Why is earliest-finish-time the only greedy key that is optimal? (A stay-ahead / exchange argument.)
When does greedy stop working, so that DP or a different greedy takes over? (Weights, multiple resources, deadlines.)
How do the close cousins — weighted interval scheduling, interval partitioning, minimum lateness — relate, so you can recognize which one an interview or a real system actually needs.

A crisp mental model: activity selection is interval scheduling maximization on one machine, unweighted. Change any one of those qualifiers — add weights, add machines, change the objective — and you change the algorithm.

Three qualifiers, three independent axes:

Weighted vs unweighted — values present? → DP, not greedy.
One resource vs many — schedule all on fewest? → interval partitioning.
Maximize count vs minimize lateness vs measure concurrency — the objective itself.

Activity selection sits at the origin of all three axes (unweighted, one resource, maximize count). Every named variant in this file is one step along one axis.

Why Earliest-Finish-Time Is Optimal (Intuition + Stay-Ahead)¶

The middle-level argument is the "greedy stays ahead" lemma (the full formal exchange argument is in professional.md).

Let the greedy pick activities g₁, g₂, …, g_k (in selection order, which is finish order). Let any optimal solution be o₁, o₂, …, o_m sorted by finish time. Claim: for every r, the r-th greedy activity finishes no later than the r-th optimal activity, i.e. f(g_r) ≤ f(o_r).
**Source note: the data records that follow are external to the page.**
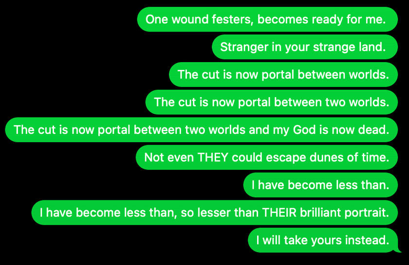 we saw box blonde bitch writing kafkaesque novella in club. black jumpsuit and golden hoops. hair is messy. makeup is messy. handwriting is impeccable.i went up first. on paper there were few words. she wrote about heartbreak during rapture, where water meets rock and becomes blood releasing from skin, skin processed into leather, into handbag for human.my friend the devil followed. he read paper and it made him cry. tears dripped into bitch’s mojito. she got angry. with herself. she was supposed to be partying, losing herself in the music, the booze, with her friends. instead she was finding herself in words on paper.my friend the devil ate her sadness. ate the paper. it folded itself in his stomach, forming beautiful origami crane. bitch broke her glass and cut him open. found herself again.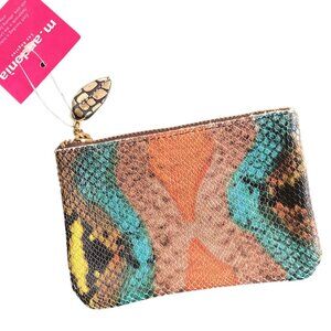 NWT M. Andonìa Orange & Teal Snake Leather Coin Pouch Bag Purse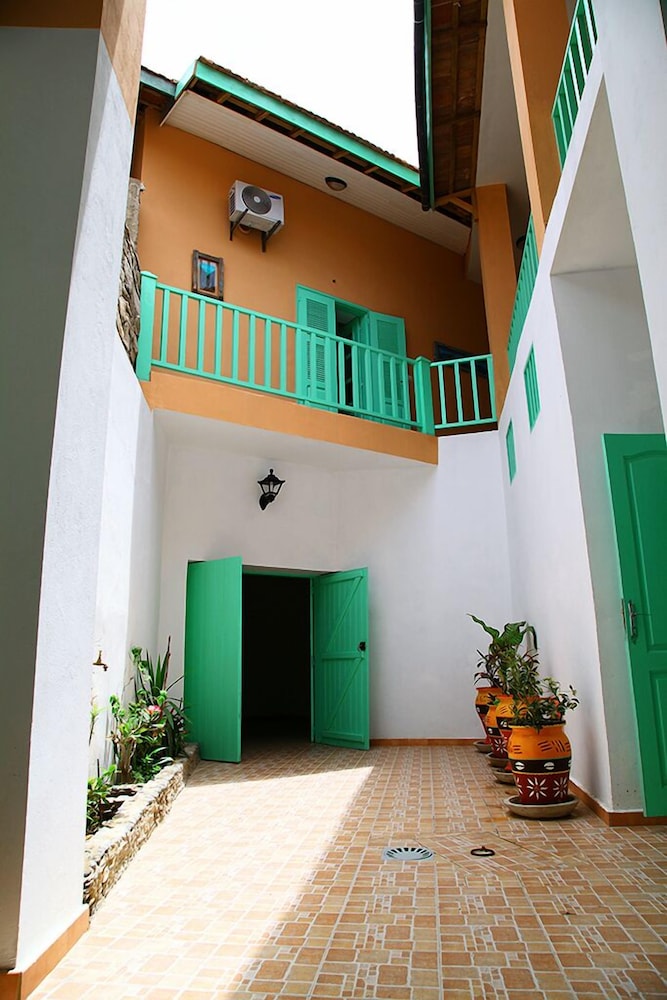 This is an expensive hotel by Senegalese standards and as such I expected better service and maintenance. We arrived hot and tired after a long travel day and had to wait to check in while the desk ckerk fiddled with the printer trying to photocopy my passport. The hotel itself is in a nice old building which has been beautifully restored. The room was a bit small but nicely furnished and decorated, with a beautiful bed and new sheets. However, both towel racks were broken as was the toilet paper holder, a bathroom light was burned out, and the heavy wooden sliding door to the bathroom was off its rollers so you had to pick it up and move it to close the door. The wifi was poor, and they served instant coffee with the (included) breakfast. You can get all that for a quarter the price anywhere in Senegal. The location was good, but Goree is small and anywhere is a good location. Goree Island itself was really nice and I highly recommend spending the night there. It's charming.

Base r = 1. Greedy picks the globally earliest finisher, so f(g₁) ≤ f(o₁).
Inductive step. Suppose f(g_{r-1}) ≤ f(o_{r-1}). Optimal's o_r starts at s(o_r) ≥ f(o_{r-1}) ≥ f(g_{r-1}), so o_r is compatible with greedy's first r−1 picks and was available when greedy chose g_r. Greedy chose the earliest finisher among available activities, so f(g_r) ≤ f(o_r).

Consequence: greedy never "falls behind." If optimal could fit m activities, greedy fits at least m, because after m−1 greedy picks the resource is free no later than after m−1 optimal picks, leaving room for an m-th. Hence k ≥ m, and since greedy is a valid solution k ≤ m, so k = m. Greedy is optimal.

The intuition to carry away: finishing earliest is never a regret. Any activity you could have picked instead finishes at least as late, so swapping in the earliest finisher only frees up more of the future timeline — it can never cost you a later activity.

Worked stay-ahead trace¶

Take activities (already finish-sorted) and an adversarial "optimal" that starts differently:

greedy picks:   g1=[1,4)   g2=[5,7)            f(g1)=4,  f(g2)=7
some optimal:   o1=[3,5)   o2=[5,9)            f(o1)=5,  f(o2)=9

Check the lemma: f(g1)=4 ≤ f(o1)=5 ✅ and f(g2)=7 ≤ f(o2)=9 ✅. Greedy stays at or ahead of optimal at every position, so it can fit at least as many activities. Here both fit 2, but the inequality shows greedy could never have fewer. This is the exact statement the formal exchange argument in professional.md upgrades to a full proof.

Why the Other Greedy Rules Fail (Counterexamples)¶

Showing a single counterexample is enough to kill a greedy rule. Keep these in your pocket:

Earliest start time — FAILS.

A = [0, 100)   ← starts earliest
B = [1, 2)
C = [3, 4)

Earliest-start picks A and blocks everything → answer 1. Optimal is {B, C} → 2.

Shortest duration — FAILS.

A = [1, 5)      duration 4
B = [4, 6)      duration 2  ← shortest
C = [6, 10)     duration 4   wait, A and C are compatible already...

A sharper one:

A = [1, 4)      duration 3
B = [3, 6)      duration 3   ← shortest? tie; make it [3, 5), duration 2 ← shortest
C = [5, 8)      duration 3

Shortest-first picks B = [3, 5), which conflicts with both A and C, giving answer 1. Optimal is {A, C} → 2. The short middle activity straddles the boundary and blocks two neighbors.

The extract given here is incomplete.